Tuesday, January 19, 2010

Farewell

Luke left tonight. Destination: Afghanistan. I feel like crawling into the woods to die like a wounded animal. The pain is indescribable, the tears plentiful. It is only because I have given him my entire self that I am able to hurt like this. He is hurting, too, of course, sorrowful over his decision to join the army, to put both of us through such heartache when the whole mess could have been cleanly avoided. We sobbed like devastated children in the moments leading up to parting, holding onto each other for dear life. Even through our tears, though, we were strong. United. Unwavering in the faith we have in one another and the joint existence we love to share.

For once in my life, the things I fear are quite rational and founded on real dangers. The worst thing I could do, however, is worry about things that have yet to occur...mainly because I can't afford to buy myself the facelift that I would most assuredly need after spending an entire year in a state of sheer panic! (Small joke.)

We were fortunate enough to spend the four-day weekend cocooned in each other's arms, bathing in the purest, most unabashed love in existence. Luke insists that I'll accomplish great things this year with music and get farther than ever before without him around to distract me. He doesn't mean that in a negative way, but the truth is, when two people unintentionally stumble upon the Holy Grail, it's kind of hard not to bask in all that true love entails. While I certainly came a long way last year with songwriting, recording, and performing, there was definitely the element of time. The clock was ticking, growing louder with every passing month as it brought us closer to this moment of farewell. Knowing that we were going to be apart for an entire year put many things into perspective. We soaked up every drop of bliss while we still could, stocking up on love like camels storing water in their humps in anticipation of the vast desert that lay ahead. And now?

I will write him every single day that we are apart. I will also throw myself into music like never before, increasing my focus tenfold. Music will keep me sane. It is my purpose in life and I am especially grateful for it in this moment of emotional injury. This will most likely be the most intimate blog entry you will read from me. From this day forward, most of my feelings concerning Luke's deployment will be put into song. I'll try not to be too much of a downer! Thanks for continuing to come along with me. I strongly feel that this year will yield some of my best work yet.

5 comments:

Anonymous said...

Aww Britt, it's true. Emotional upheaval, desperation, fear and sorrow lend themselves to creativity. Pour your heart and soul into the music. Luke will be home before you know it. He is in all of our prayers...no matter how we pray. I think with the amount of friends/family he has, just about all religious/spiritual bases are covered. Surely ONE of us is correct. :) Please feel free to call or email me if you need ANYTHING. 802-274-8598 Kathy

scobra said...

i am crying along with you.

David Randi said...

As a former service member, a father, and a husband I know what you are going throught, and I feel for you.

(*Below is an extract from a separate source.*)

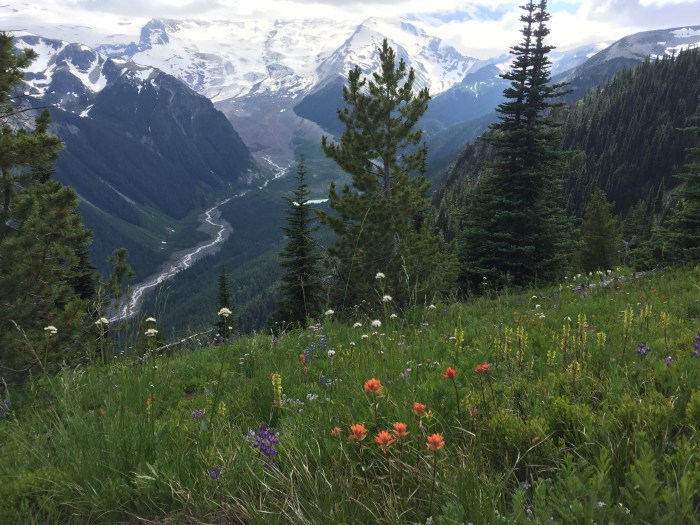 After saying goodbye to The Grove of the Patriarchs, we drive up to Sunrise, the highest point in the park accessible by car. It boasts amazing views and is much less populated than Paradise. It is only my second visit to this gorgeous location and everyone else’s first time. We are so glad this is how we cap off our weekend warrior tour of the Park. The wildflowers are on display high above the White River, as viewed from the Silver Forest Trail.

He is going because he feels a need to do his part to make the world a better place, because if he dosen't then someone elses father or husband will have to. Even if it means his life he will willing do so to keep you and others safe from the dark side of humanity.

The best thing you can do is be strong for for Luke even if it is tearing you apart inside. You keep it to your self, for now. Show him nothing but utter support. Stay in touch by what ever means availbul. The last thing he needs is to worring about things he cannot attend to. This will lead to distraction when his attention should be else where. Even though he is away he still needs your support or he will fail. The same goes for you. You need each other to draw strenght from to stay focused. If one fails, both will fail.

Also don't listen to the public media. The main stream news just seems to focus on the negative and mention nothing about the postives like schools or clean water processing plants we have built. I have many friends in Afghanistan, some for years now and all have come home safe.

So as hard as it may seem don't fret over the things that have not yet come to pass for we have no control over them. Other wise you will give your self a axenity attack over stuff that has not happened and may not happen.

Best of wishes
David Randi

Britt Warner said...

Thanks for all the kind words and support! Luke's reasons for joining were a bit different than service of country...it had more to do with a desire to learn a new skill while providing financial stability for his budding family...and definitely nothing to do with a belief in the fruits of war. Things are playing out much differently than he'd hoped. I'd love to spare him the stress of worrying about me, but we're in the habit of telling each other everything - that won't change while he's gone, as confiding keeps us emotionally connected. I promise I'll continue to shower him with support, though, regardless of how shitty I'm feeling...just as I've always done, and just as he's always done for me.

Thanks for reading!

prashant said...

The same goes for you. You need each other to draw strenght from to stay focused. If one fails, both will fail.